What we are starting to see and starting to endorse a pattern of building features outside of Shopify core. For example, a feature that's built outside of Shopify core is something we call Shopify Pay, or "Remember Me," where you go to a checkout on one Shopify store and then it remembers you on another Shopify store, trying to expedite that checkout. It's like something you're familiar with, like Amazon, where no matter what you're buying or from which vendor, it's the same thing. That's built as a separate app. The problem is that they need this massive scale on day one. What we're trying to do with Kubernetes is - on one part, we have a lot of operational challenges with the monolith. But we also are very passionate about trying to create this platform for solving commerce problems faster at Shopify than anyone can do anywhere else. We have these amazing APIs internally, and we need to make it faster to develop at Shopify than anywhere else in the world. That's the mandate of us building a platform on top of Kubernetes.
And another big thing is to start migrating to the cloud. Someone made this interesting analogy that perhaps cloud is like what happened to power plants. Back in the day, every neighborhood or factory had its own power plant. Today, you just trust the grid. You hook into the grid, it works, and you don't care very much about where your power comes from. I see that as very analogous to the future of compute, where there are people who are specialized in providing compute at scale, and they will be fantastic at this, but most people don't have to. They just tap into the cloud and let someone else do it, the same way we consume power. But there are problems we are very good at. I don't want Shopify to be a company that is really good at building datacenters; that's an opportunity cost for us. Shopify needs to solve contextual problems that make commerce better. On my part, one of those challenges is we like working with Ruby on Rails, but we need to scale it, and we have a lot of knowledge there. But building datacenters - Amazon, Google, and Microsoft are just world class at building datacenters. I think they should continue developing that expertise. I want the engineers here to focus on things that are more specific to how we run and operate software, and we'll build a platform that makes commerce better as a result.

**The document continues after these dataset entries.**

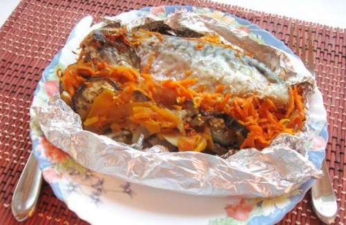 На финале выкладывается подготовленная скумбрия, и сверху её посыпают натертой морковью. Затем весь противень заворачивается в фольгу и отправляется в разогретую до 180 градусов духовку на 35-40 минут. За 10 минут до завершения запекания фольгу раскрывают, позволяя рыбе слегка подрумяниться.
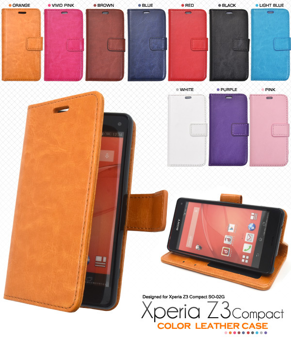 > 【送料無料】Xperia Z3 Compact SO-02G 手帳型ケース レザー スタンド ケース エクスペリアz3 コンパクト
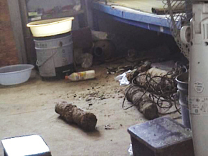 昨天中午12點(diǎn)左右,一個收廢舊的來到這家工地,說是收廢舊,其實(shí)是想收點(diǎn)文物,因?yàn)楣さ亟?jīng)常能挖出些瓶瓶罐罐的。一個民工說他有好東西,就把收廢舊的帶到了宿舍,從床下掏出個銹跡斑斑的東西,說這些陶罐能值多少錢啊?收廢舊仔細(xì)一看,哪里是什么陶罐,明明是枚炮彈,而且床下還有3枚。乖乖!敢情前天一夜我們都睡在炮彈上,同宿舍的民工都炸了。工地的安全員趕到,立刻報警。不久警察趕到,封鎖了現(xiàn)場,并通知了排爆大隊。這4枚炮彈長約40厘米,直徑約20厘米,這位民工說是前天夜里施工時,挖土機(jī)挖出來的,他以為是陶瓷罐,就放在了床下。警察說炮彈里是有火藥的,但因?yàn)殇P得嚴(yán)重,還辨認(rèn)不出是什么炮彈。這些炮彈很不穩(wěn)定,雖然很少爆炸,但遇到高溫或撞擊就難說了。下午1點(diǎn)鐘排爆大隊趕到,將炮彈帶走。 (吉啟雷)
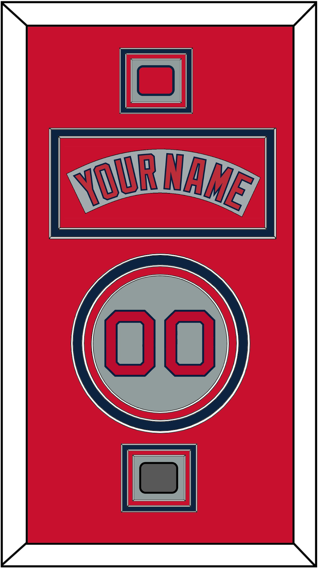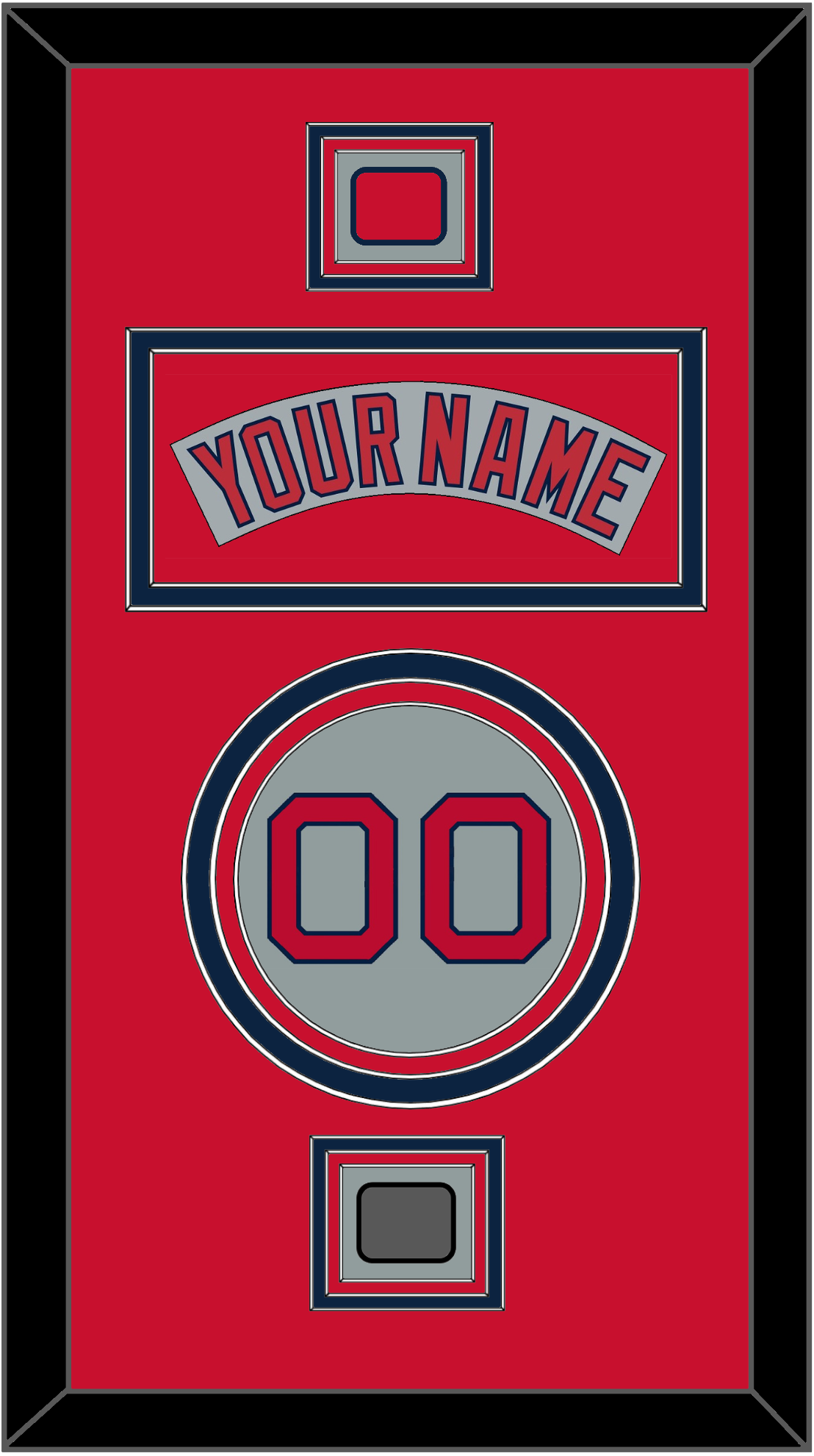 Boston Road Gray Jersey (1992 Through 2008) Nameplate, Number, Logo Sleeve Patch And World Series Champions Patch (2004, 2007, 2013 Or 2018). Nameplate Is Double Mat Cut: Red Mat Over A Blue Mat. Gray Nameplate Mounted On A Red Mat. To Match The Jersey, Number And Patches Are Triple Mat Cut: Red Mat Over A Blue Mat Over A Red Mat. Red Number & Patches Mounted On A Gray Mat. White Or Black Frame.
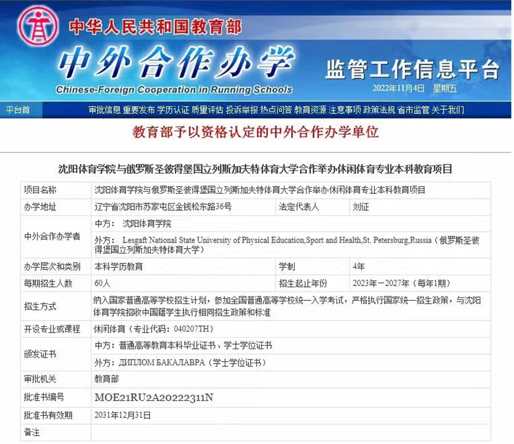 与俄罗斯圣彼得堡国立列斯加夫特体育大学合作举办的休闲体育专业本科教育项目成功获批。这是我校首次申办并获批的中外合作办学项目,实现了看球吧
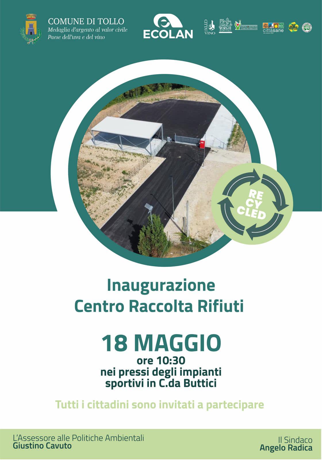 Alla presenza di autorità politiche e religiose alle 10.30 verrà inaugurato il Centro Raccolta Rifiuti sito in Contrafa Buttici nei pressi degli impianti sportivi.
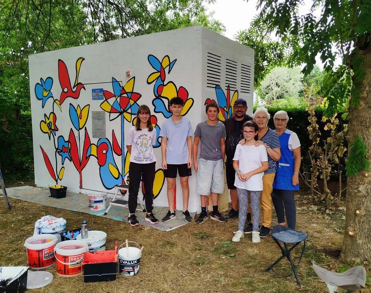 Jeunes et aînés entourent l’artiste David (alias Paf le Piaf) et leur œuvre commune en cours. Le transformateur se trouve avenue du Champs-Fleury, dans le quartier de la Grange-aux-Belles, où il sera inauguré. © CO
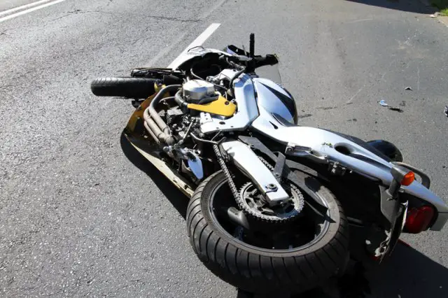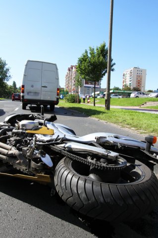 Motocyklista po upadku podniósł się o własnych siłach i sam ściągnął kask. Został zabrany do szpitala.
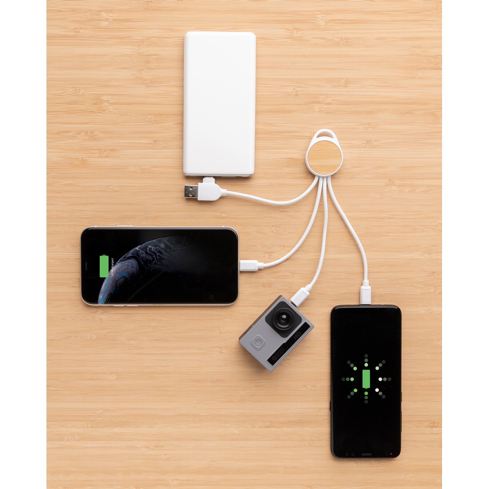 Kabel do ładowania, końcówki: USB, 2 x USB C, micro USB, iOS, obudowa wykonana z bambusa z certyfikatem FSC® i ABS z recyklingu, kabel wykonany z TPE z recyklingu, kabel i obudowa posiadają certyfikaty RCS, długość 20 cm, nie zawiera PVC, ślad węglowy produktu: 0,15 kg CO2
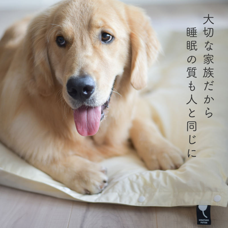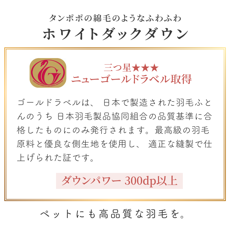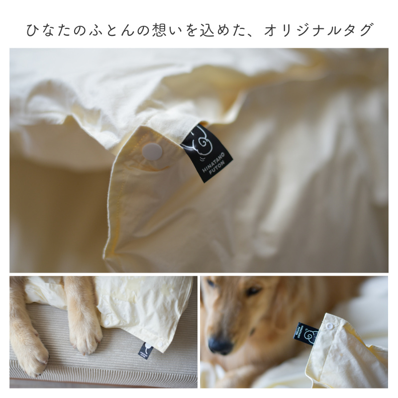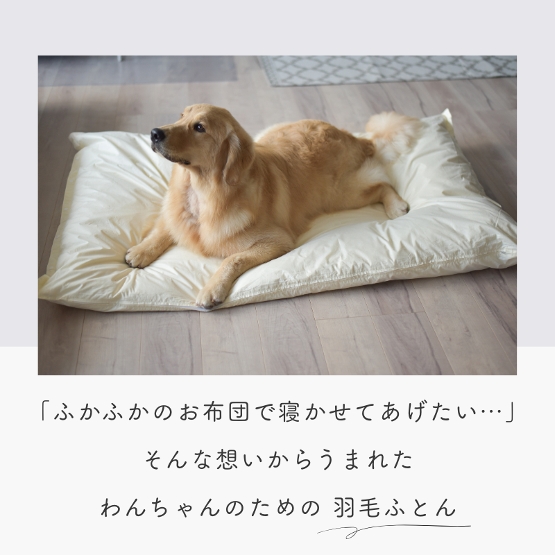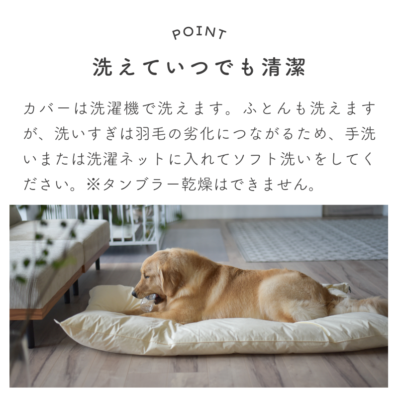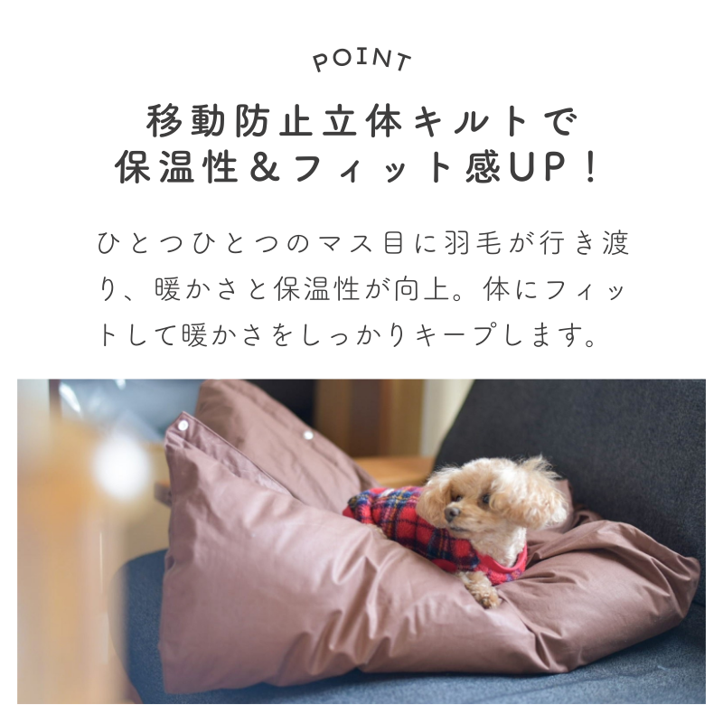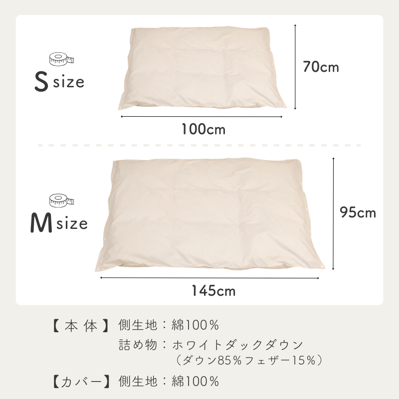 | 本体 | サイズ:S 100×70cm、M 145×95cm 側地:綿100% 詰め物:ホワイトダックダウン(ダウン85%フェザー15%)ニューゴールドラベル 充填量:S 0.3kg、M 0.6kg ループ:4ヶ所 キルト仕様:移動防止立体キルト(洗濯可ですが、粗相した時など特に汚れた時に洗濯をしてください。洗いすぎると中の羽毛の劣化につながります。手洗いか、洗濯ネットに入れてソフトコースで洗い、掛け干ししてください。タンブラー乾燥不可) |
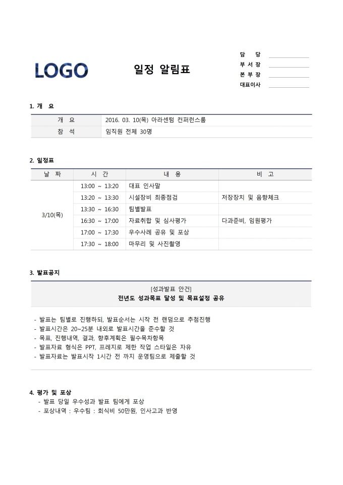 성과보고 진행 시 사용하는 [성과보고] 일정 알림표입니다.
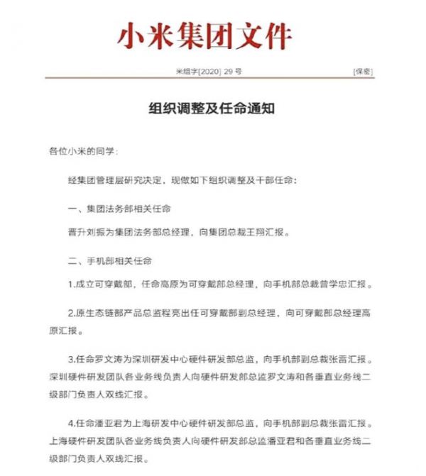 11月20日消息,据了解,小米集团发了一份机密文件,关于小米最新的组织调整以及任命。文件提到,成立可穿戴部,任命高原为可穿戴部总经理。
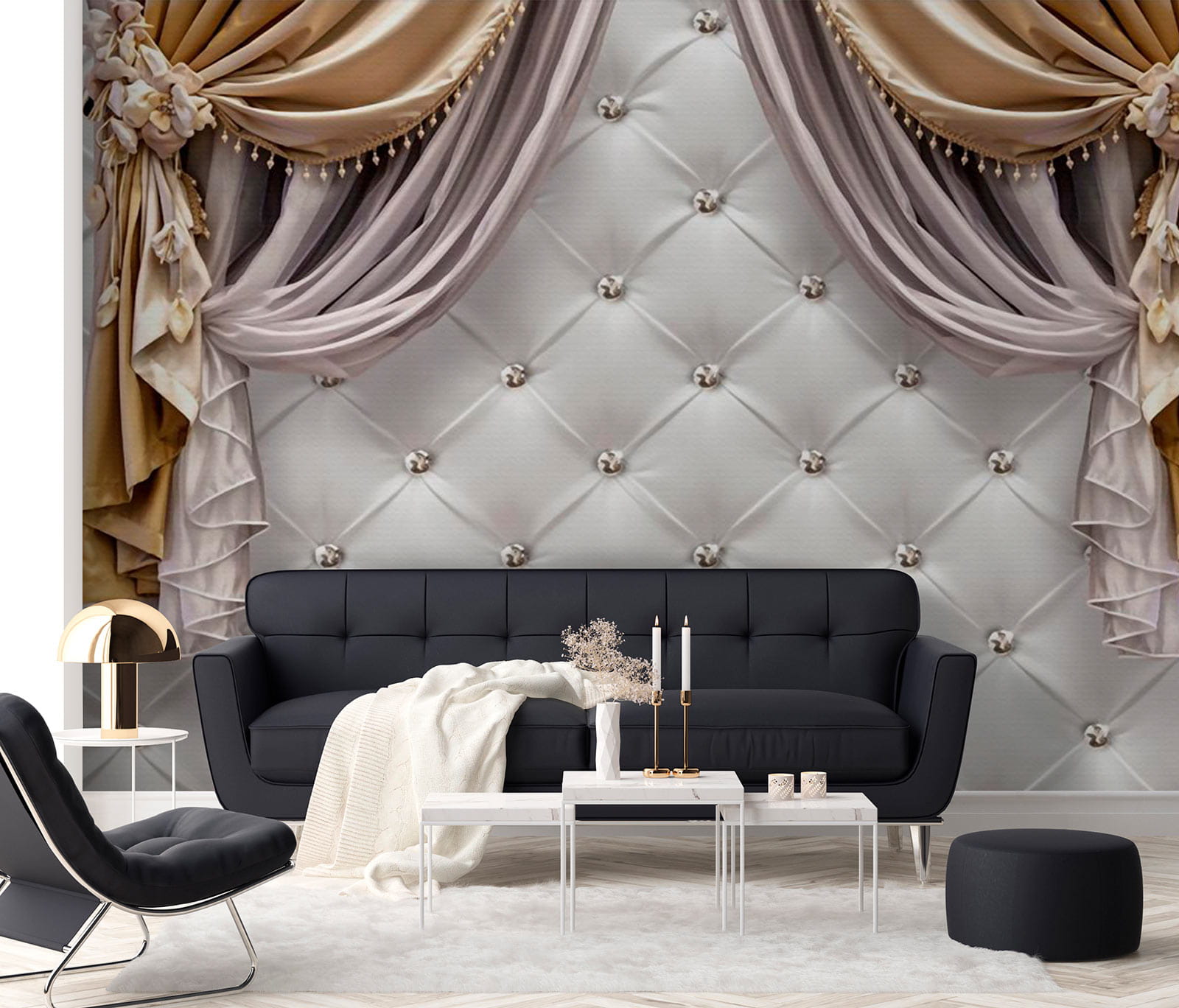 Transform your space with this fabulous wall mural featuring elegant drapes and decorative fabric. It evokes a cozy yet sophisticated atmosphere, perfect for setting a warm stage in your living room or bedroom. Imagine walking in and feeling like you’ve stepped into a stylish boutique or a charming café. The soft colors and gentle folds add a touch of grace, almost inviting you to reach out and touch the fabric.
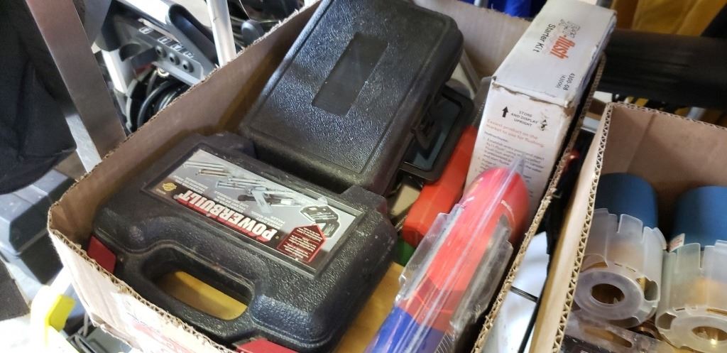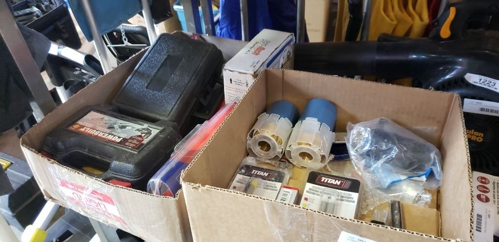 2 TRAYS OF TOOLS, NEW LARGE TAPS, ETC
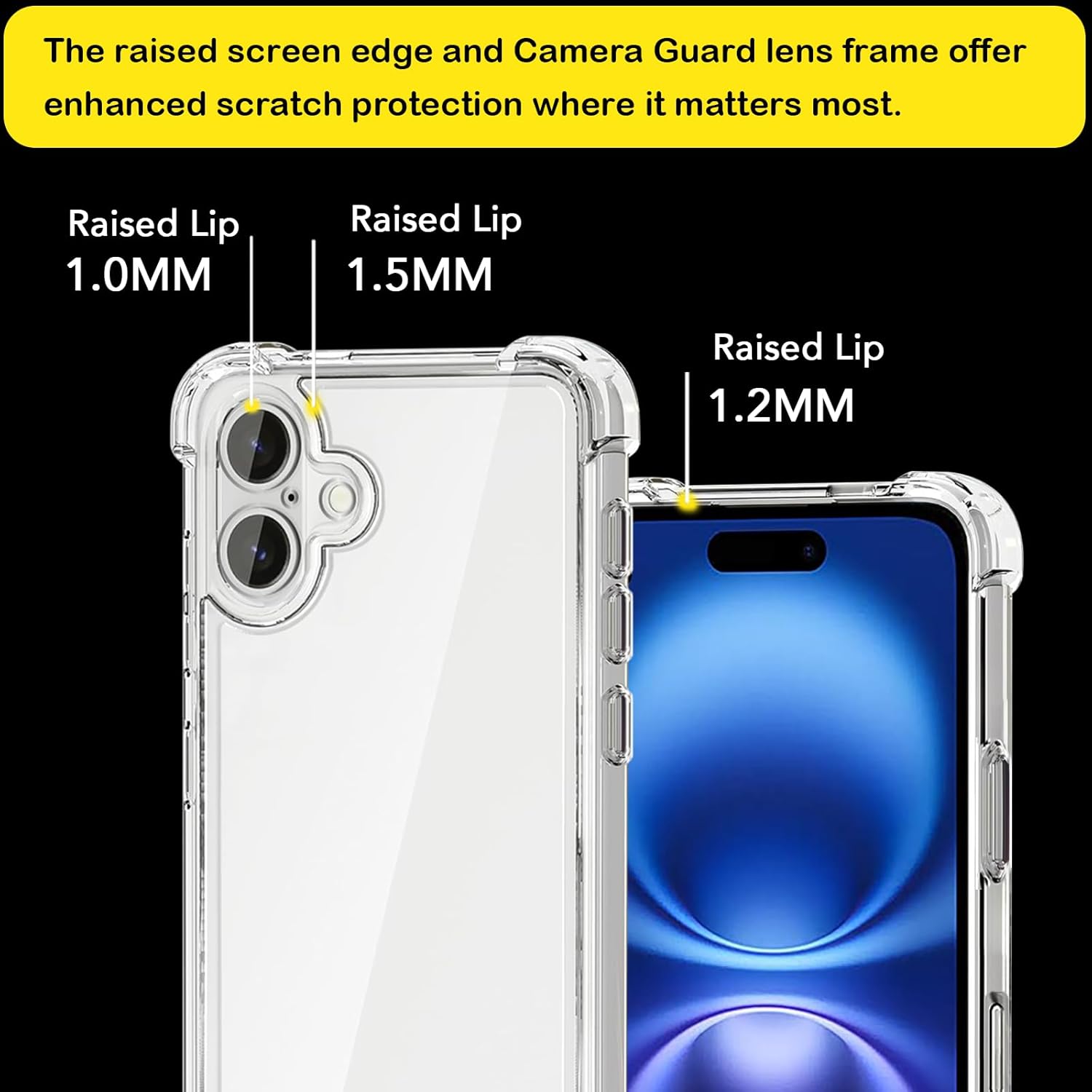As bordas elevadas e as bordas da câmera protegem a tela e a câmera, oferecendo mais proteção para o iPhone 16 6,1 polegadas
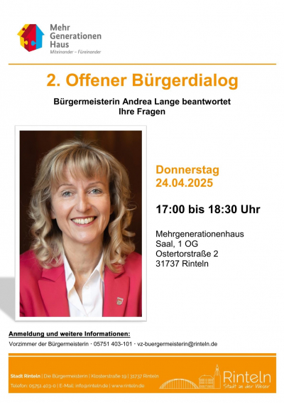 Anknüpfend an den 1. Bürgerdialog im Oktober 2024 laden Bürgermeisterin Andrea Lange und das Mehrgenerationenhaus alle Rintelnerinnen und Rintelner herzlich zu einem weiteren Bürgerdialog ein.

Anthony: So you're running a lot on-premises right now and you're running a little bit in the cloud. Does Kubernetes make it easier to test those workloads? You're running Docker inside Kubernetes, as your container engine. Does it make testing and transferring those workloads easier?
Simon: Absolutely. Kubernetes is a massive part of this dream to make it easier to build applications inside. Kubernetes has these really simple APIs - "I just want to run this thing and then a team just goes and figures it out." It has these very carefully designed APIs about how you do things. They're very limiting, but in a relieving way. Even though the amount of parameters you have may be limited, they're very carefully considered. They come from people who have run this stuff for a very long time, and that's what speeds us up. We now spend time writing controllers and writing proxies. Kubernetes is the skeleton and all of these parts are helping us move faster - controllers are fantastic APIs for us to get the majority of our work done. It helps us move those workloads in that it provides these APIs in this skeleton for doing those things. Kubernetes is defining this sort of de facto API and if we want to go multi-cloud and use different providers, this is sort of the standard. The same way Docker has defined this carefully designed API for how we run containers, I see Kubernetes the same way. People were coming to Shopify from other companies, starting to work on the infrastructure, they may already be familiar with these APIs. There's already fantastic documentation out there so we don't have to duplicate that stuff, it's just of such high quality. We don't have hundreds of contributors that can contribute to that one project, but Kubernetes does. That's just reiterating the power of open source.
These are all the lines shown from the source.